Forum: Building VoltDB Applications

Post: Effect of Partitioning Stored Procedure, Partitioned and Replicated Tables

Effect of Partitioning Stored Procedure, Partitioned and Replicated Tables
Nov 24, 2016
I am trying to improve the VoltDB performance in terms of TPS for TPCC queries. Now I am using some trial and error method to get higher performance. The things which I have tried are:
1) I have replicated the tables, warehouse, item and district.
2) I have partitioned all other tables on column 'district id' rather than 'warehouse id'.
3) I have also partitioned all stored procedures. (Actually when I used all queries as stored procedures without partitioning I got worse TPS than using AdHoc queries. But as soon as I partitioned the stored procedures as recommended by warnings while VoltDB server startup, I got almost double TPS)

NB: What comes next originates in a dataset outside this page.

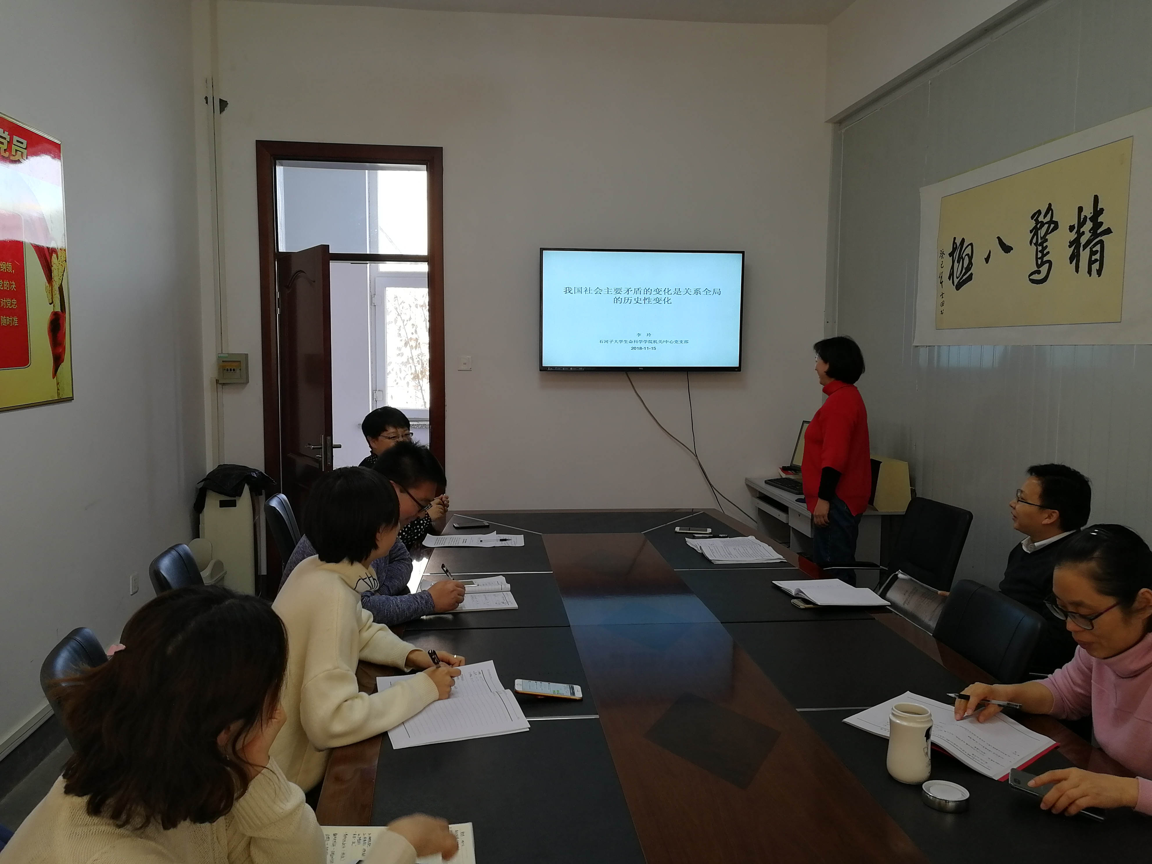 会议首先由李玲同志引领大家学习习近平《新时代中国特色社会主义思想三十讲》中的《我国社会主要矛盾的变化是关系全局的历史性变化》篇章,她结合实际,例举我国主要矛盾在各个历史时期的变化,并通过丰富的实际案例讲述主要矛盾的变化,反应了时代和实践的要求。作为高等教育的一线教师,我们在面对变化的过程中,应该坚守党的信念,紧跟国家发展政策为国家输送人才。蓝燕飞、黄刚同志对此发表感言,他们说“时代在变化,教育是社会发展中重要的一部分,我们必须下功夫充分认识这一变化,把它运用在工作中,解决生活与学习中遇到的问题,内化为我们教书育人的正能量!”

Hence my question is , is there any thumb rule for partitioning and replicating the tables, which column is used for partitioning and when to use AdHoc queries, Stored Procedures and Partitioned Stored Procedure? so that for large number of tables I can make the firm decision regarding all these facts.
Nov 25, 2016
Have you looked at our tpc-c implementation? You will notice that all tables are partitioned on the warehouse id. I'm not sure we've tried your method - of using district id. Is it much faster?

Here are a few things to keep in mind (and your results confirm these rules)
- Partitioned stored procedures are the fastest.
- An ad-hoc query that can determine partitioning will also be pretty fast. For example, if your statement includes the district_id, the planner figures this out and runs a single-partition adhoc query.
- Multi-partition procedures and ad-hoc queries will be the slower.

I'd be curious to see a comparison between warehouse partition (as we do in our implementation) and district partitioning.

Nov 26, 2016
Thanks for the guidance. Yes, from the experience that I came across, using the partition on district_id is faster that warehouse_id. I have also seen your tpc-c implementation and hence I initially used warehouse_id for partitioning but later I just tried district_id partitioning.
Overhead of partitioning
Nov 26, 2016
When I was going through the documentation of partitioning, I came across the overhead involved in managing partitions. What kinds of overheads are there? Currently I am working with 5 partitions and my cpu is 24 core without hyper-threading and I am getting the best TPS as compared to other number of partitions. Can you please guide me on this issue?